Вон ты какой… Плохие — все, дураки — все? А сам лезешь в душу?.. Ты — хороший? Уйди. Уйди — ненавижу таких…
Он повернулся и сам ушел от Пурамы.
Оставшись один в темном углу, охотник долго и ошарашенно моргал глазами. Потом он тихо зарычал и завертел головой так, что светлые пятна жирников побежали вкось и вкривь полосами.
Ему бы уйти, запеть бы на ветру самую грустную песню, поплакать бы, как плачут пьяные, или свернуться в комочек в этом уголке и потихоньку заснуть.
Куда там! Не понятому Ниникаем, Пураме вдруг показалось, что он один постиг всю правду жизни, что с этой правдой ему будет не тяжелей, а легче. Из этого он сделал простой вывод: зачем ему метаться, как в прошлом, как сейчас мечется Ниникай, зачем ломать голову, если все ясно, — а не лучше ли ему жить так, как живется?
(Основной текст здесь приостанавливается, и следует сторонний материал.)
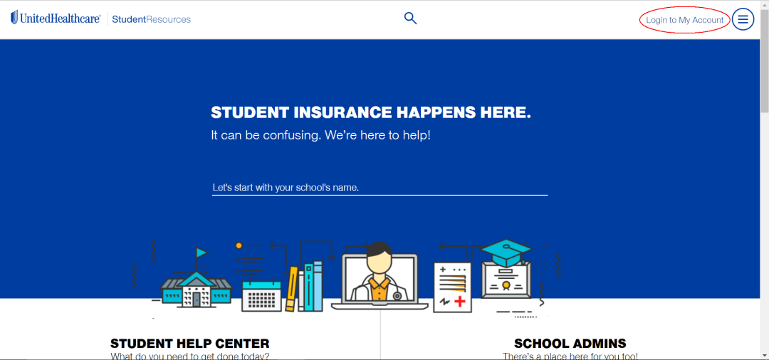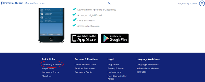 (曾经购买过UnitedHealthcare保险的同学可以直接点击Login to My Account)

И, посчитав, что к нему наконец пришла высшая мудрость, Пурама сел в круг картежников. Да не простых выбрал картежников, а тех, которые решились играть с самим Потончей. Мудрецу ли играть со слабаками.
— Мне, — потребовал он карты. — На оленей играю.
— Эй, мэй, Пурама! — повернулся к нему Потонча. — Садись, хорошо садись. Мы тут балуемся: весь вечер играем, а проигрыш пять оленей и песцовая шкурка. Ей-богу!.. Да вы знаете, это кто? — спросил он дружков. — Это же юкагир Пурама! Он на состязаниях по тысяче оленей выигрывает!
— Помолчи, Потонча. А то он подумает, что мы не знаем его, — сказал редкозубый, широколицый якут со шрамом поперек брови. — Лучше скажи ему, как мы играем, как пьем…
— Ке-ке-ке, — неловко захохотал купчик. — Это он насчет тебя говорит…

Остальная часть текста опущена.